Assessment of loop-mediated isothermal amplification assays for Escherichia coli detection

INTRODUCTION:As of lately, loop-mediated isothermal amplification (LAMP) has become a powerful alternative to the polymerase chain reaction (PCR) in the field of molecular diagnostics, especially for pathogen detection in clinical and food samples. LAMP is a powerful and new method of nucleic acid amplification, with the ability to detect DNA at a very low level. In comparison to other molecular methods such as PCR and Real-Time PCR, LAMP eliminates the need for sophisticated thermal cyclers. High efficiency of DNA amplification by LAMP significantly shortens the whole amplification process.
OBJECTIVES: This study aims to assess the efficacy of two different LAMP kits, WarmStart (Real-Time LAMP) and Colorimetric LAMP, for detection of Escherichia coli. In present study, kits were tested and optimized for detection of E. coli ATCC® 25922 directly from bacterial suspension and indirectly using bacterial genomic DNA (gDNA). LAMP results were then compared with the results of E. coli detection using standard PCR methodology.
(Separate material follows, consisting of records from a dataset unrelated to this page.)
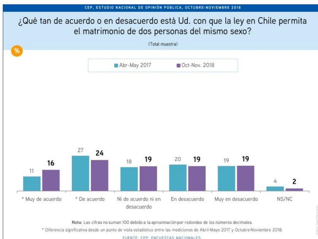
Gráfico N°3: Estudio Nacional de Opinión Pública, octubre-noviembre 2018. Centro de Estudios Públicos.

Una de las encuestas más conservadoras en materia de apoyo al matrimonio igualitario ha sido la Encuesta CEP. Sin embargo, en su Estudio Nacional de Opinión Pública de octubre-noviembre del año 2018 (Gráfico N°3), muestra por primera vez, tal como las encuestas anteriores, que existe una mayoría social en favor de la iniciativa del matrimonio igualitario, y que en Chile son más las personas que apoyan este proyecto que aquellas que lo rechazan. En esta última encuesta, se puede observar que un 40% de la ciudadanía está por permitir a todas las parejas casarse, mientras que un 38% lo rechaza. Asimismo, un 19% de la ciudadanía dice no estar de acuerdo ni en desacuerdo con la iniciativa. Finalmente, esta encuesta reafirma que cuando hablamos de matrimonio igualitario, el apoyo ciudadano tiende a crecer en el tiempo, y no a disminuir, consolidando la convicción de la sociedad chilena por tener una legislación que reconozca este vínculo para todas las parejas del país.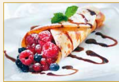
Suggestion de dessert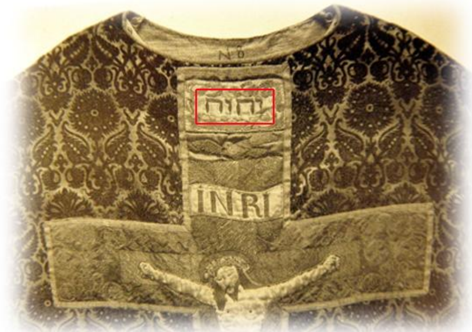
På en mässhake från 1652 finns gudsnamnet JHWH med hebreiska bokstäver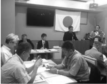
「各委員会方針」 場所 ホテル・ファーストシーズン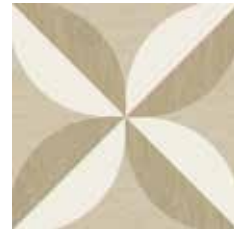
Gio #02 60x60 cm / 24"x24" Beige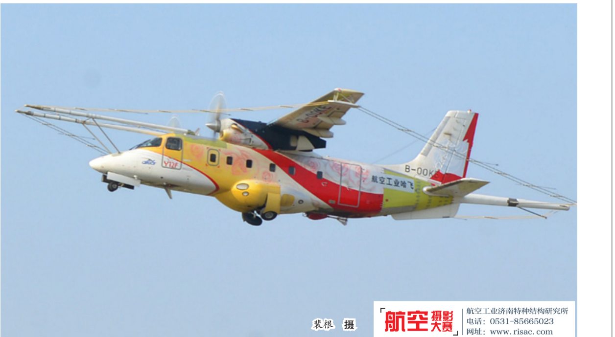
裴根 摄 航空工业西安航空控制科技有限公司

本报讯（通讯员 李宁浩 裴根）近日，由航空工业哈飞自主研发设计的固定翼时间域航空电磁系统飞行平台——运12F时间域飞机在平房机场成功首飞，标志着国家重点研发计划“固定翼时间域航空电磁测量技术系统研制”项目向前迈进了一大步，将有力推动我国航空地球物理探测事业的发展。 运12F时间域飞机是科技部立项的国家重点研发计划“深地资源开采”的组成部分，是“固定翼时间域航空电磁测量技术系统研制”项目中的四大核心课题之一。运12F时间域飞机以运12F第001架机为载体，针对高效、高精度的航空地球物理探测要求，进行了敷设发射线圈、加装时间域任务设备整机大规模改装工作。运12F时间域飞机全构型包括5匝线圈，用于电磁脉冲发射。10月10日，运12F时间域飞机完成挂载两匝线圈调整试飞，使项目又向前迈进一步。后续，哈飞将进一步开展调整试飞工作。5匝线圈调整试飞完成后，运12F时间域飞机将具备执行相关任务的能力。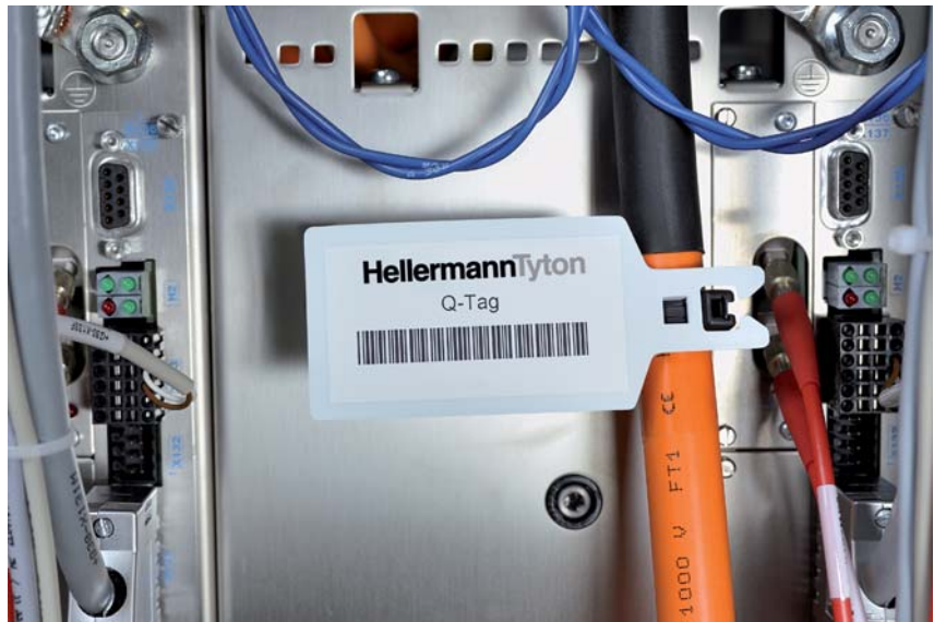
Eindeutige Kennzeichnung und gute Lesbarkeit bringen Sicherheit in sensible Bereiche.

Sichere, klare und dauerhafte Kennzeichnung ist besonders im Bereich industrieller Anwendungen ein wichtiger Sicherheitsaspekt. Die Q-tag Kennzeichnungsschilder verfügen über eine spezielle Aufnahme für den Kopf der Q-tie Kabelbinder. So wird aus Schild und Binder eine Einheit, die sicher am Bündelgut anliegt und für klare und eindeutige Kennzeichnung sorgt. Neben der horizontalen Ausführung gibt es auch vertikal anzubringende Q-tags. Die großzügige Beschriftungsfläche kann manuell mit den Markierstiften der Reihe T82 beschriftet oder mit passenden Etiketten versehen werden.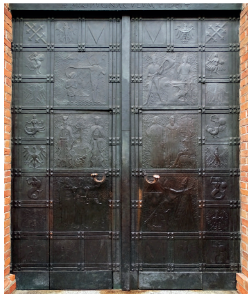
Drzwi Bazyliki archikatedralnej św. Jana Chrzciciela na Starym Mieście.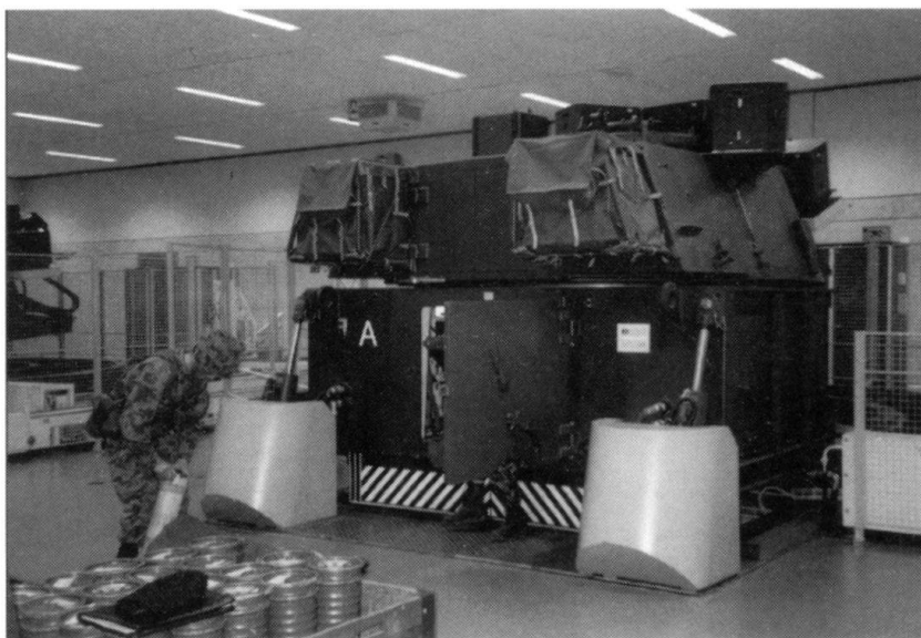
Une tourelle SAPH...

Le simulateur permet d'exercer des engagements d'obusiers blindés M-109 , comme en situation de guerre, mais sans tir réel. C'est un moyen de donner aux cadres et aux hommes de bonnes chances de remplir leur mission en cas d'engagement réel, de les rendre capables, grâce à la technique de combat et à la tactique d'utiliser toutes les possibilités de leur système d'arme.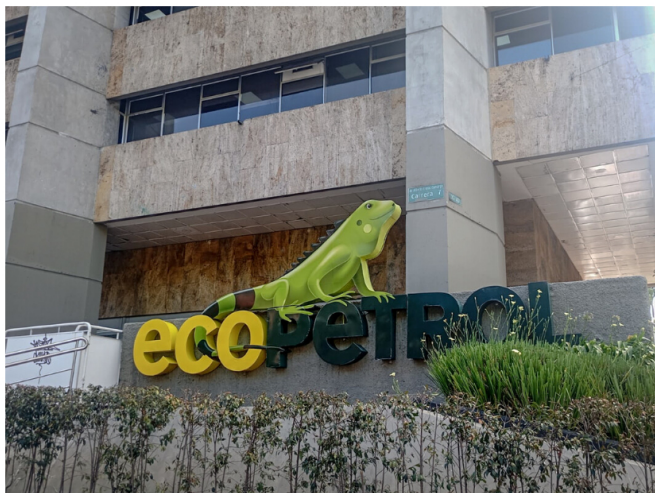
Ecopetrol obtiene la segunda mejor calificación en el segmento de petróleo y gas integrado a nivel mundial del Índice de Sostenibilidad Dow Jones

La petrolera obtuvo 79 puntos sobre 100 en la evaluación, con una mejora de seis puntos con respecto a su calificación el año anterior.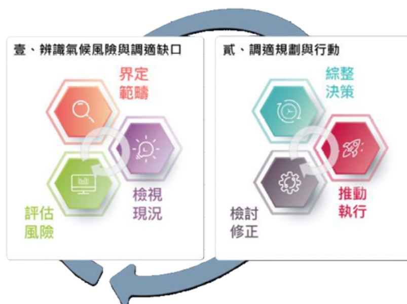
圖 1.2 二階段調適框架及其操作步驟

由於各調適領域或行動計畫執行進度、科研基礎、評估因子複雜度有所不同，若尚無法直接進行調適行動規劃或落實調適行動之機關，需著重新於第壹階段之盤點現行基礎量能、評估氣候風險與缺口辨識，做為後續第貳階段擬定調適策略之依據。若前期已進行現況盤點與氣候變遷風險之機關，則針對風險與調適缺口於第貳階段進一步研擬調適策略與計畫，並訂定追蹤指標定期監測，以利於計畫結束後檢討執行效益，並持續滾動修正。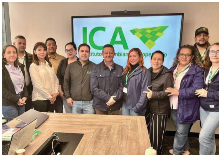
Durante las prácticas, se realizó una visita de campo a un lugar de producción y a una empacadora de vegetales.

Durante la jornada, se desarrollaron sesiones de trabajo enfocadas en la actualización de conocimientos sobre la normatividad vigente, en particular la Resolución ICA 824 de 2022, que establece los requisitos para el registro ante el ICA de los lugares de producción, exportadores y empacadoras de vegetales para la exportación en fresco. Se enfatizó en la importancia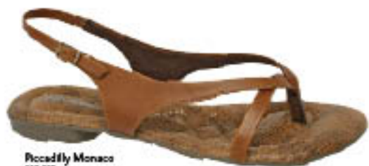
Piccadilly Monaco 802.828

Tecidos rústicos, camurça (principalmente nas botas), couro e veludo, além de tornarem sua roupa mais fashion, irão aquecê-la. Tachas, bordados e franjas darão um up no seu look.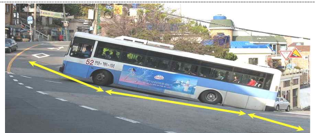
(예) 버스 하부에 마찰이 발생하는 경우

○ 예외 승인 신청을 받은 교통행정기관 은 객관적·전문적 검토를 위하여 교통약자 관련 법인·단체, 교통 전문가 의견을 청취를 거쳐 저상버스 도입 예외 여부를 결정하여야 한다(신청 40일 이내).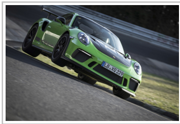
Porsche 911 GT3 RS auf der Nürburgring-Nordschleife.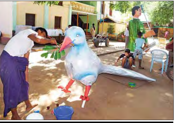
မန္တဟာဘုရားဗုဒ္ဓပူဇော်ယဉ်ပွဲတော် အရပ်သွန်းပွဲတွင် ပါဝင်ပြသမည့် (၂၁)ရာစုပင်လုံညီလာခံဂုဏ်ပြုသရုပ်ဖော် ချီးဖြူငှက်နှင့်လူရုပ်ကို ပြင်ဆင် ဆောင်ရွက်နေကြစဉ်။

မြို့ရှေ့၊ မြို့ညွှန့်၊ စိန်ကုန်း၊ မြို့လယ်၊ ရွှေခြံရပ်များမှ ဒေသခံပြည်သူများက အရပ်သွန်းပွဲတော်တွင် ဦးစားပေး ပါဝင်ဆင်နွှဲကြကြောင်း သိရသည်။ “ဒီနှစ်အရပ်တွေက လူငယ်၊ လူကြီး တွေက အကုန်ချီးကြတော့ များမယ် လို့တော့ထင်ပါတယ်။ အရပ်ချီးတဲ့ ပညာက မိရိုးဖလာ ဖြစ်နေတော့ ကလေးတွေကအစချီးတတ်တယ်။ အခုကျွန်တော်တို့ချီးနေတဲ့ အရပ်က (၂၁)ရာစုပင်လုံညီလာခံကို ဂုဏ်ပြုတဲ့ အနေနဲ့သရုပ်ဖော်ထားတဲ့ ချီးဖြူငှက် နဲ့ လူရုပ်ပါ။ ၁၅ ရက် လောက်ကြာပါ ပြီ။ အခုတော့ နောက်ဆုံးအဆင့်အနေ နဲ့ ဆေးသုတ် အချောကိုင်နေတာပါ” ဟု မန္တဟာဘုရားတော်ကြီးကျောင်း ကိုယ်စားပြု အရပ်သွန်းမည့်တာဝန် ရှိသူတစ်ဦးကပြောသည်။ အဆိုပါ အရပ်သွန်းပွဲတော်ကို စက်တင်ဘာ ၁၅ ရက်(တော်သလင်း လဆန်း ၁၄ ရက်) မွန်းလွဲ ၂ နာရီမှ စတင်၍ ကျင်းပမည်ဖြစ်ကြောင်း၊ တော်သလင်းလပြည့်နေ့တွင် ဘုရား ကြီးရင်ပြင်တော်၌ သံယာတော်များ အား ဆွမ်းသပိတ်လှူဆက်ကပ်လှူဒါန်း ပွဲ ကျင်းပသွားမည်ဖြစ်ကြောင်း သိရ သည်။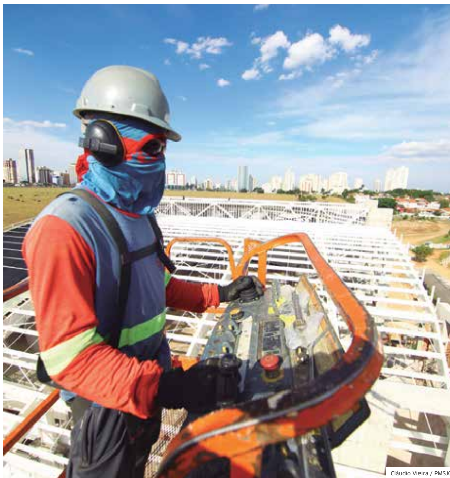
Esporte. Obra da Arena será entregue até o fim deste ano no Jd. das Indústrias

Já o programa Casa Joseense facilita o sonho da casa própria, oferecendo carta de crédito no valor máximo de R$ 5 mil e aporte financeiro até R$ 2.500 para isenção de impostos municipais e taxas.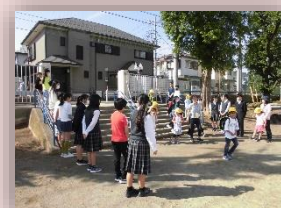
小中合同たて割り班活動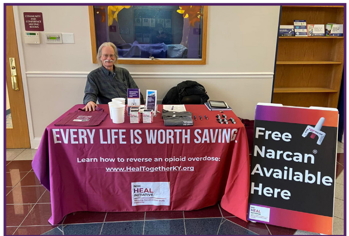
Acercamiento de la OEND en bibliotecas públicas en el condado de Kenton (arriba) y en el condado de Clark (abajo), Kentucky.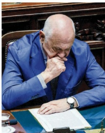
Chi rema contro Il ministro Carlo Nordio

Il Guardasigilli, oltre ai rave party, vuole istituire nuovi reati. Pretende che gli arresti li decidano 3 giudici anziché 1. E ricsuma la prescrizione che allunga i tempi, cancellata da Bonafede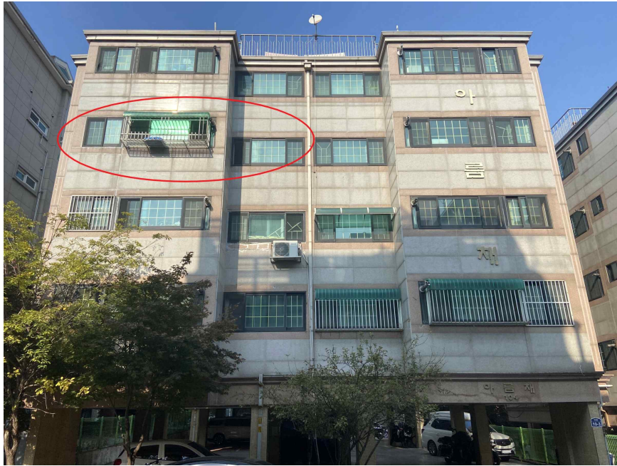
대상물건 전경 (남측에서 촬영)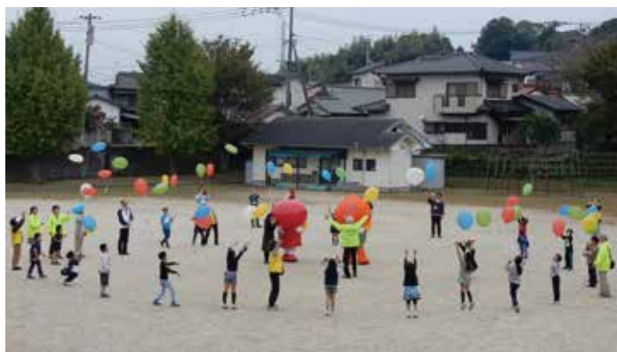
誰が拾ってくれるかな

児童たちは風船を手に校庭に集合。合図とともに一斉に風船を空に飛ばすと、風船はみるみる空へ舞い上がっていきました。児童らは「バイバイ」と大きな声を上げながら、風船の行方を見守っていました。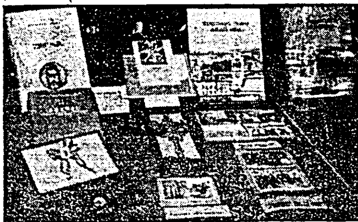
Mîrturie pentru viitor ale spiritualității arădene contemporane.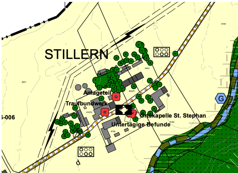
Ausschnitt aus dem rechtswirksamen FNP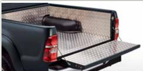
WYKŁADZINA ALUMINIOWA PRZESTRZENI BAGAŻOWEJ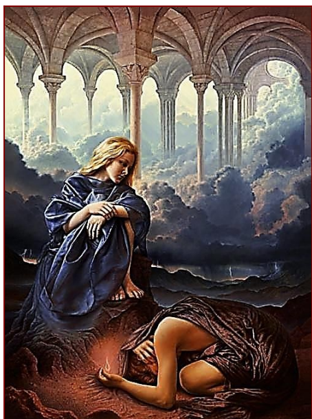
Рис. 7. Г. Сморенберг «Подарунок»

І.: Так, вірно. Це я (рис. 7, вказує на фігуру зверху), а це – він (рис. 7, фігура знизу).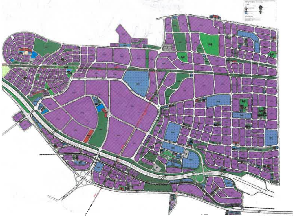
Şekil_4: Öneri 1/1000 Ölçekli İlave Revizyon Uygulama İmar Planı durumu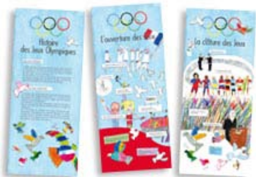
Exposition sur Les Jeux Olympiques BDP Meuse (55)

Commande de la Bibliothèque Départementale de Prêt de la Meuse d'une exposition de 8 panneaux réalisée avec plusieurs classes de Primaire puis validée par le Comité Olympique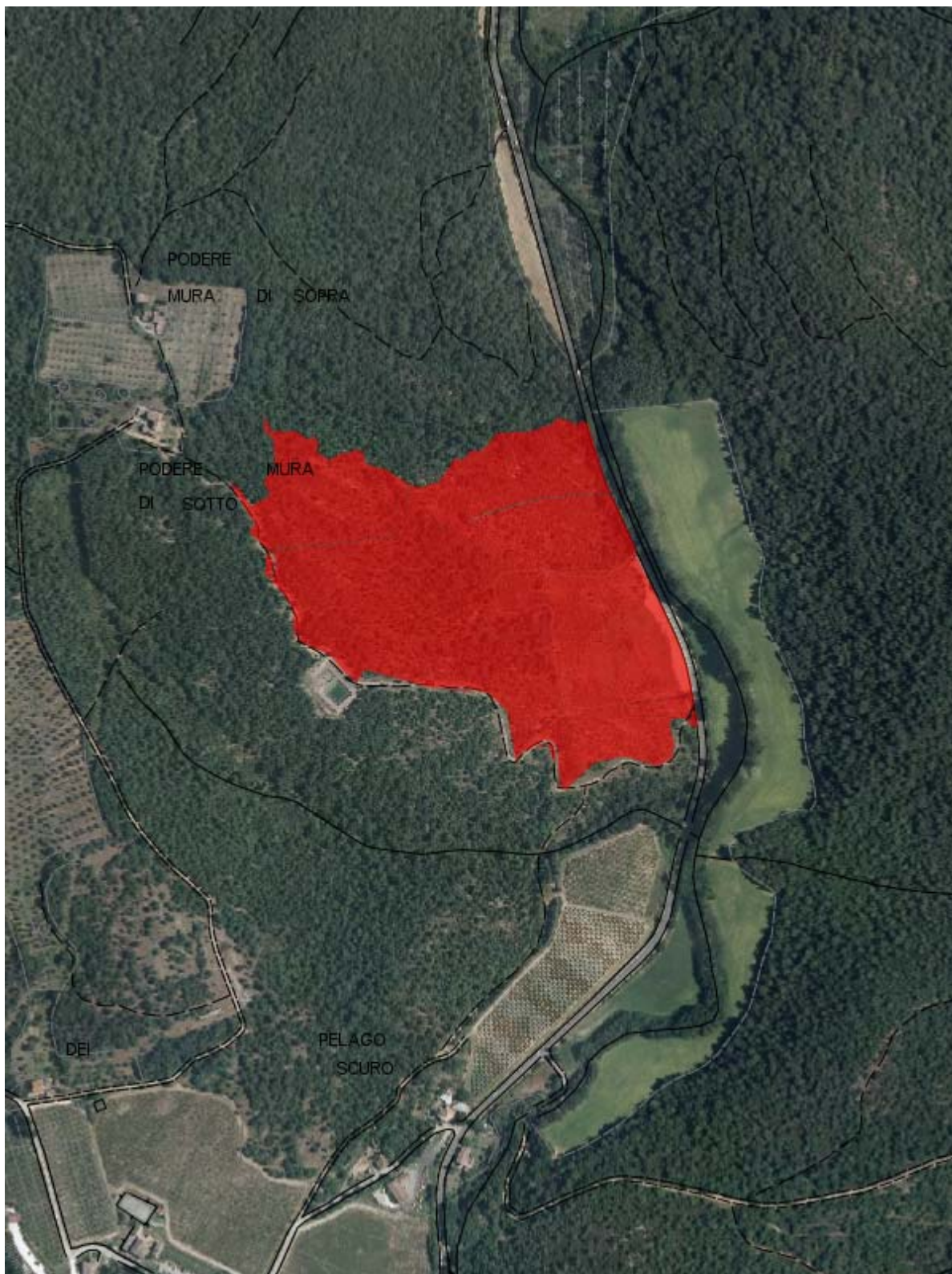
Fascicolo territoriale n. 4 - 2006 Inquadramento generale - Scala 1:10000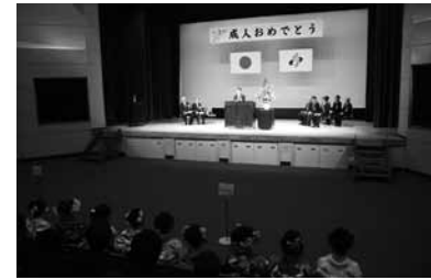
▲昨年度の成人式の様子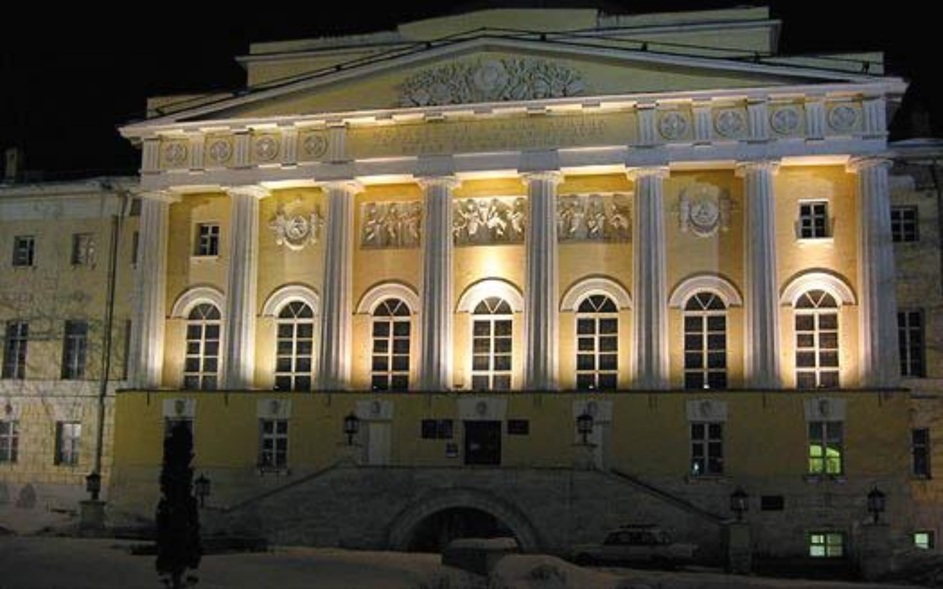
Д.Жиллярди. Здание МГУ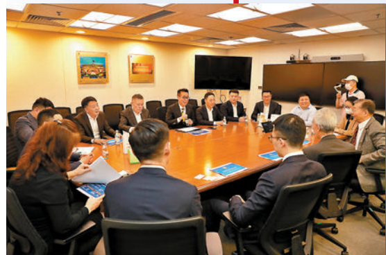
◆拜會信和集團主席黃志祥，雙方座談交流。

METHOD / DESIGN: For use in LAMP detection of E. coli directly from the bacterial suspension, eight bacterial dilutions in concentrations ranging from 1.5x10⁸- 1.5x10¹ CFU/mL were prepared. All bacterial dilutions were then used for LAMP detection using WarmStart Colorimetric LAMP 2X Master Mix (New England BioLabs) and WarmStart LAMP Kit (New England BioLabs). Real-Time LAMP reactions were done on the Genie® II, an instrument for isothermal nucleic acid amplification. LAMP primers (F3, B3, FIP, BIP, LF, BF) for the malB gene are taken from the literature. For indirect detection, genomic DNA from E. coli using GeneJET
Genomic DNA Purification Kit (Thermo Scientific) was extracted. Extracted gDNA with the concentration 50 ng/μl was used for preparation of ten-fold dilutions (10^-1 - 10^-4), and these dilutions were used in both Colorimetric and WarmStart LAMP assays in order to compare limits of detection with and without DNA extraction. Finally, E. coli genomic DNA serial dilutions for standard PCR, using F3 and B3 primers for malB gene, were applied.
RESULTS: The results showed that both LAMP methods (WarmStart and Colorimetric LAMP) enabled the detection of E. coli directly, in suspension (without prior DNA isolation) for bacterial concentration of 1.5x10⁸ CFU/mL. Additionally, the results of Colorimetric LAMP using serial dilutions of E. coli gDNA showed detection in all tested concentrations, except the lowest. On the other hand, the WarmStart LAMP kit enabled E. coli gDNA detection in all tested gDNA dilutions. The conventional PCR methods failed to detect E. coli malB gene product for the lowest DNA concentration. Additionally, DNA bends on agarose gels were more intensive in the LAMP products compared to those obtained with PCR products.
CONCLUSIONS: Presented research showed the incredible power of the LAMP methodology (both, Colorimetric and Real-Time) to detect E. coli even without prior isolation of bacterial gDNA. Also, LAMP enabled E. coli detection even at an extremely low concentration of tested gDNA (50 x 10^-4 ng/μl), while with conventional PCR that was not the case. PCR managed to detect bacterial gDNA up to a concentration of 50 x 10^-3 ng/μl. According to all the above, LAMP was proved to be more sensitive than PCR, with a large capacity to be used in molecular diagnostics. Also, LAMP is easier to handle since it is more time efficient and involves the use of portable small devices suitable for on Point-of-Care (POC) research.